EEE (Exempt-Exempt-Exempt) Tax-Saving Schemes
Having a good understanding of tax-saving instruments will help in reducing your taxes and building your wealth over time. The Exempt-Exempt-Exempt or EEE scheme is one such investment option which provides tax exemption on investment, interest, and maturity amounts. Consider that you are investing a part of your salary in a tax-saving category like EEE. Here, at the first stage, your investment qualifies for a tax deduction and this part of your salary that you have invested in the scheme will not be taxable. The second benefit is that the interest generated from your investment amount will be exempted from tax. At the last stage, the entire income earned through this scheme, which includes the principal amount and the accumulated interest, will not be taxable at the time of withdrawal. Hence, the EEE Tax-Saving Scheme provides tax exemptions at three levels- investment, returns, and maturity[1].

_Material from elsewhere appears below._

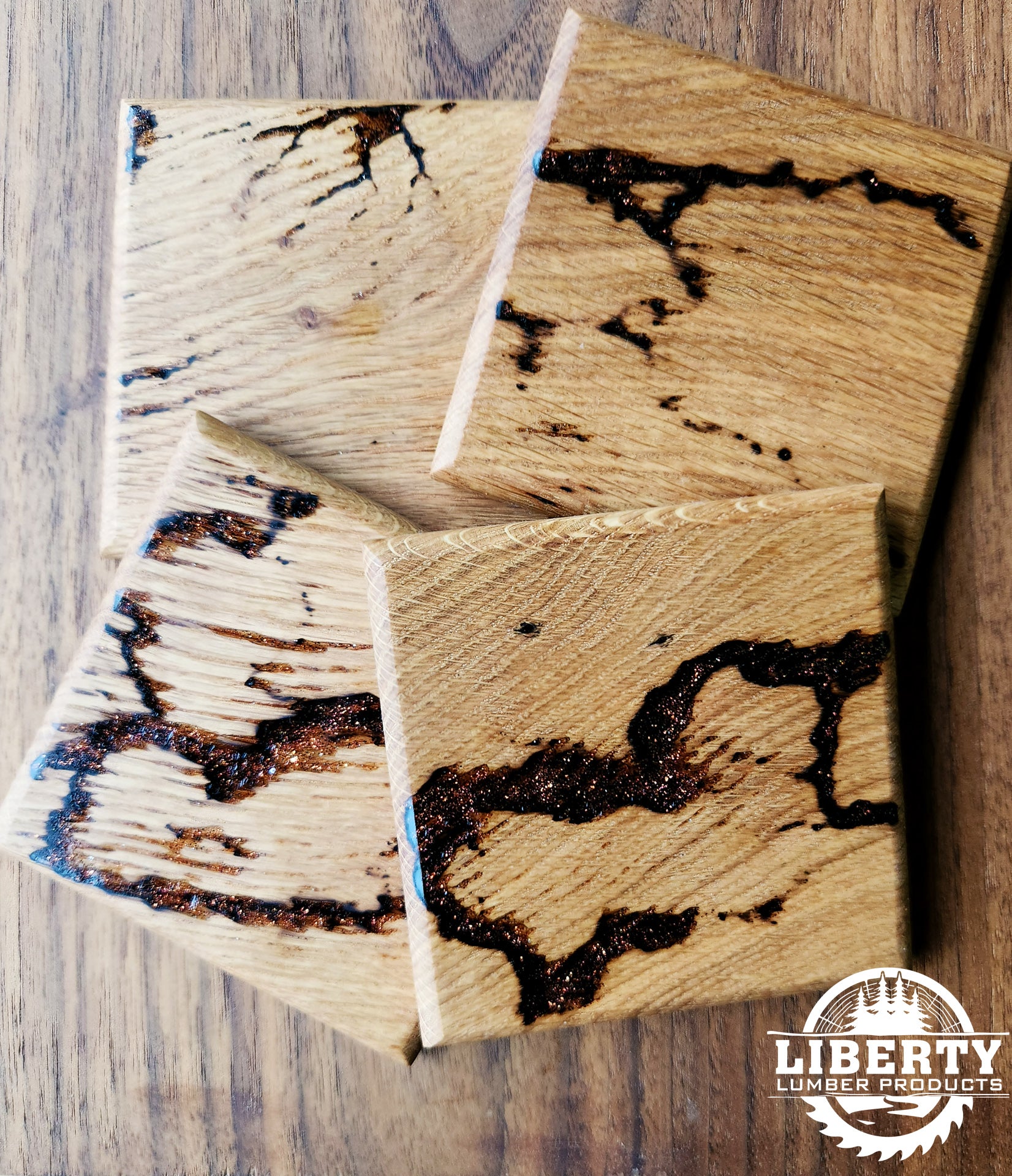 4" X 4" wooden coaster set with a fractal burn in them that is filled with epoxy.

Some of the popular tax-saving categories under the EEE scheme include:
Public Provident Fund (PPF)
Backed by the central government, the PPF scheme provides risk-free returns. You can open a PPF account through either a bank or a post office. Keep in mind that this scheme has a minimum investment period of 15 years and the tenure of the account can be extended in blocks of 5 years thereafter[1]. For the quarter that ended on June 30, 2024, the PPF is offered an interest rate of 7.1% per annum[2], for the fourth quarter FY24-25 the interest rates remain the same.
Sukanya Samriddhi Yojana (SSY)
Introduced as part of the Indian government's "Beti Bachao, Beti Padhao” campaign, the SSY is a deposit scheme which allows you to invest money for the education or marriage of your girl child. The scheme comes with EEE tax status and offers an interest rate of 8.2% [2].

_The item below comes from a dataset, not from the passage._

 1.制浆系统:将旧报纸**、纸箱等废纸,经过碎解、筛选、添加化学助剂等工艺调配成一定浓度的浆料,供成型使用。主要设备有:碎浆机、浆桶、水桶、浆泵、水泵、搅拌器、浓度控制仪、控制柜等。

Employee Provident Fund (EPF)
The EPF scheme has an EEE (Exempt-Exempt-Exempt) tax status, but certain conditions apply. Since the financial year 2021-22, if an employee contributes more than ₹2.5 lakh in a year to EPF and VPF, the interest earned on the excess amount becomes taxable. Also, from the financial year 2020-21, if an employer’s total contributions to EPF, NPS, and superannuation funds exceed ₹7.5 lakh in a year, the excess amount is taxable for the employee. Any interest or dividends earned on these extra contributions are also taxed. However, the final maturity amount of EPF remains tax-free. [2].
Unit Linked Insurance Plans (ULIPs)
This is another life insurance plan which can be considered by long-term investors, offering a wide range of funds including Equity Funds, Income, Fixed Interest and Bond Funds, Cash Funds, and Balanced Funds[3]. ULIPs have a lock-in period of 5 years[4]. When you buy a ULIP plan from a life insurance company, the payments made under the plan are called “premiums”.

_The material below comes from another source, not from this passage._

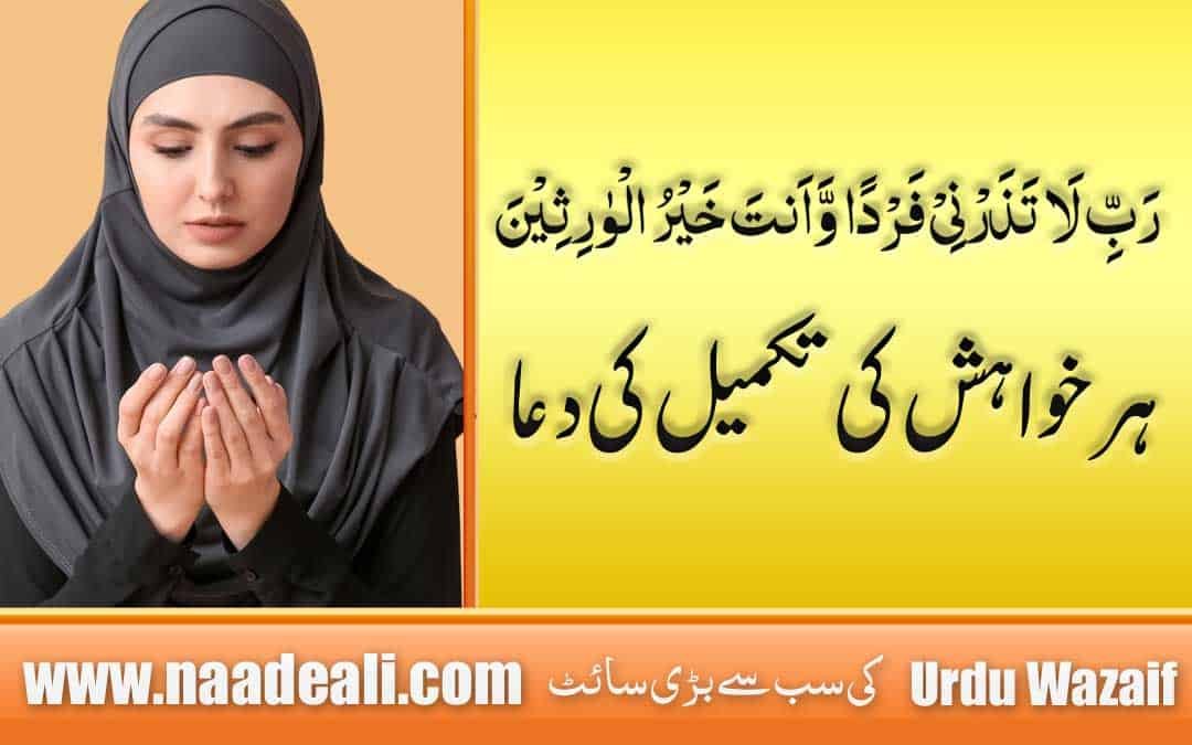 ربی لا تذرنی فرداو انت خیر الوارثین ایک عظیم دعا ہے جو کہ سورۃ الانبیاءکی ایت 89 میں ہے ۔یہ دعا مبارکہ حضرت ذکریا علیہ سلام کی ہے اور ان الفاظ کے زریعے حضرت ذکریا علیہ سلام نے اللہ سے اولاد کی طلب کی تھی ۔ ذمانہ قدیم سے اس دعا مبارکہ کو حصول اولاد کے لئے ورد کیا جاتا رہا ہے ، لیکن یہ دعا کسی بھی پریشانی کو دور کرنے کے لئے پڑھی جا سکتی ہے ۔ اس پوسٹ میں ہم آپ کو ربی لا تذرنی فرداو انت خیر الوارثین ورد کرنے کا طریقہ اور اس کے فضائل بتائیں گے ۔

Apart from being an insurance policy, it provides money-saving advantages in the form of ULIP tax benefits in 30s. According to Section 80C of the Income Tax Act (in case of old tax regime), you can claim tax deductions till a limit of Rs.1.5 lakhs[5] using the Unit Linked Insurance Plan plan. Additionally, under section 10(10D) of the Income Tax Act, this policy qualifies for tax exemption on maturity subject to satisfaction of certain conditions.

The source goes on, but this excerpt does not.